AV-NeRF: Learning Neural Fields for Real-World
Audio-Visual Scene Synthesis

NeurIPS 2023

 Susan Liang1    Chao Huang1        Yapeng Tian1
Anurag Kumar2    Chenliang Xu1

1University of Rochester    2Meta Reality Labs Research

[Paper (arxiv)] [Code/Dataset]

feature
Abstract

Can machines recording an audio-visual scene produce realistic, matching audio-visual experiences at novel positions and novel view directions? We answer it by studying a new task---real-world audio-visual scene synthesis---and a first-of-its-kind NeRF-based approach for multimodal learning. Concretely, given a video recording of an audio-visual scene, the task is to synthesize new videos with spatial audios along arbitrary novel camera trajectories in that scene. We propose an acoustic-aware audio generation module that integrates prior knowledge of audio propagation into NeRF, in which we implicitly associate audio generation with the 3D geometry and material properties of a visual environment. Furthermore, we present a coordinate transformation module that expresses a view direction relative to the sound source, enabling the model to learn sound source-centric acoustic fields. To facilitate the study of this new task, we collect a high-quality Real-World Audio-Visual Scene (RWAVS) dataset. We demonstrate the advantages of our method on this real-world dataset and the simulation-based SoundSpaces dataset.

Task Definition

The real-world audio-visual scene synthesis task is to generate visual frames and corresponding binaural audios for arbitrary camera trajectories.
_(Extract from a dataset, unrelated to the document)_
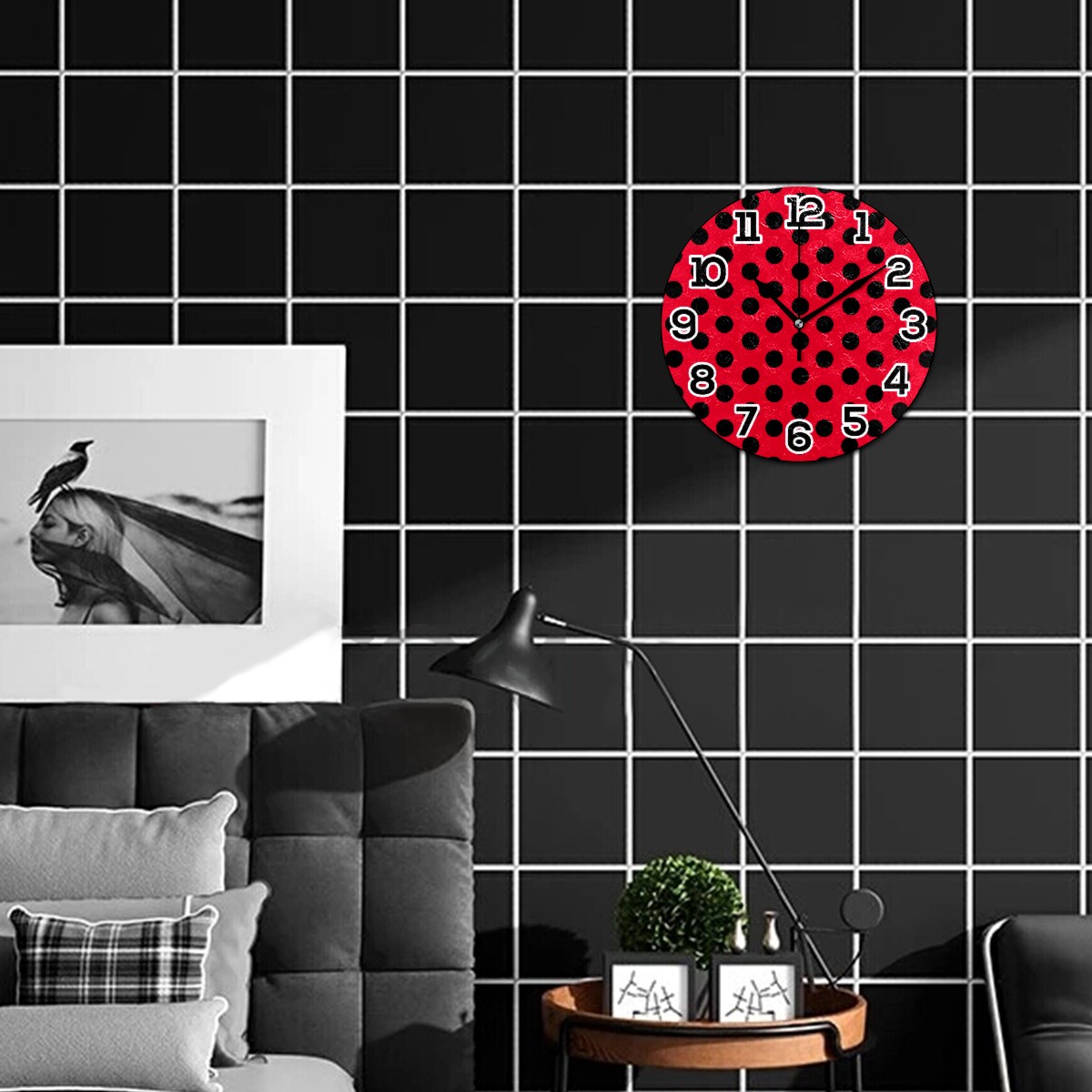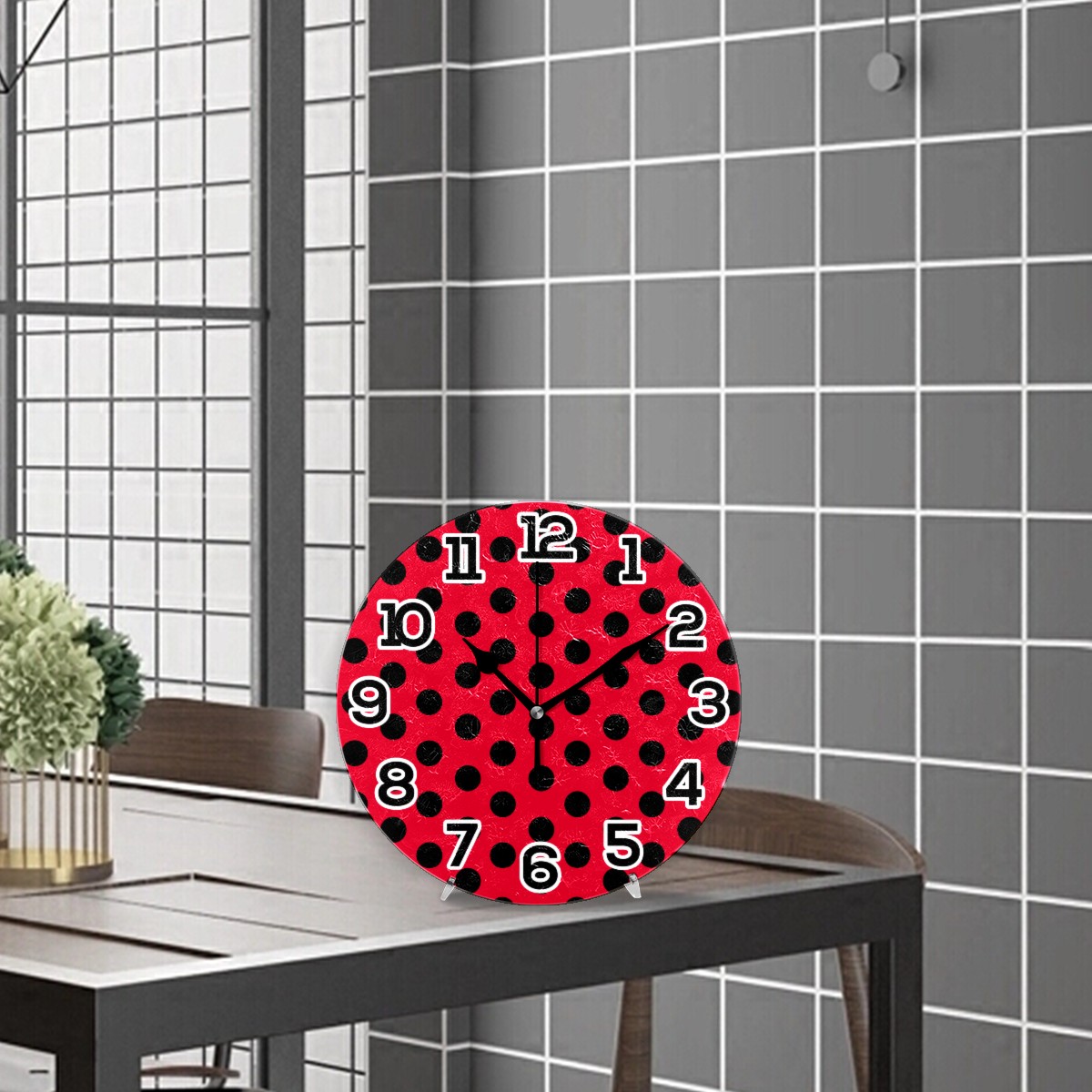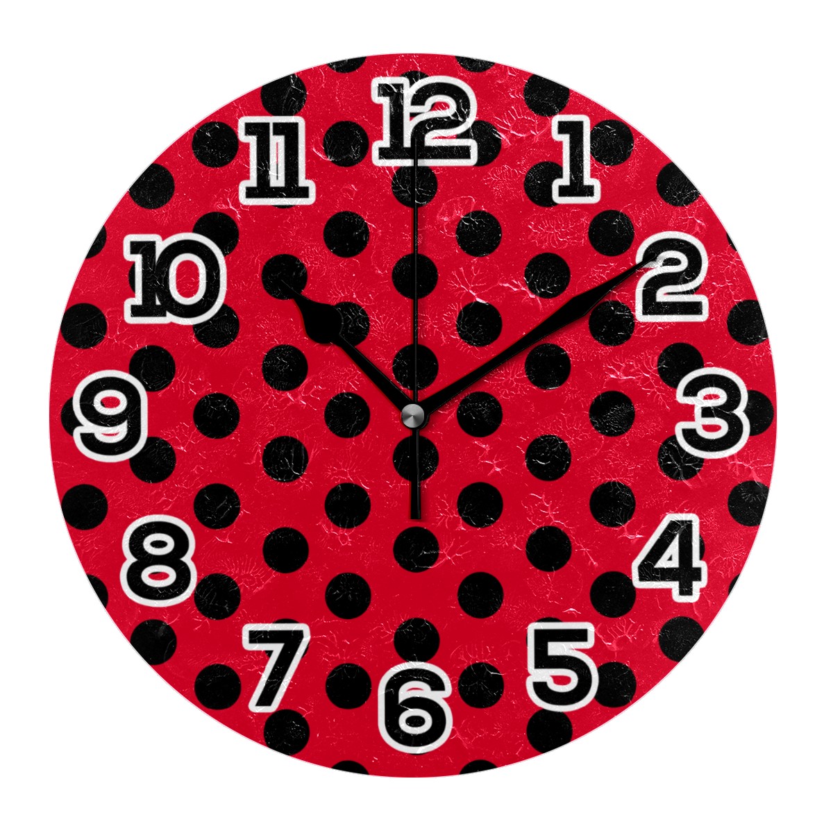 Modern Red Black Polka Dot Geometric Pattern Clock Wall Decor Acrylic Decorative Round Battery Operated Wall Clocks for Home Bedroom Living Room Decor Silent Non Ticking

In this task, a static environment is given along with multiple observations of the environment. Each observation comprises the camera pose (p=(x,y,z,θ,φ)), the mono source audio clip (a_s), the recorded binaural audio (a_t), and the image (I). The objective is to synthesize a new binaural audio and a novel view based on a camera pose query and a source audio. It is important to note that the camera pose query is distinct from the camera poses in all observations.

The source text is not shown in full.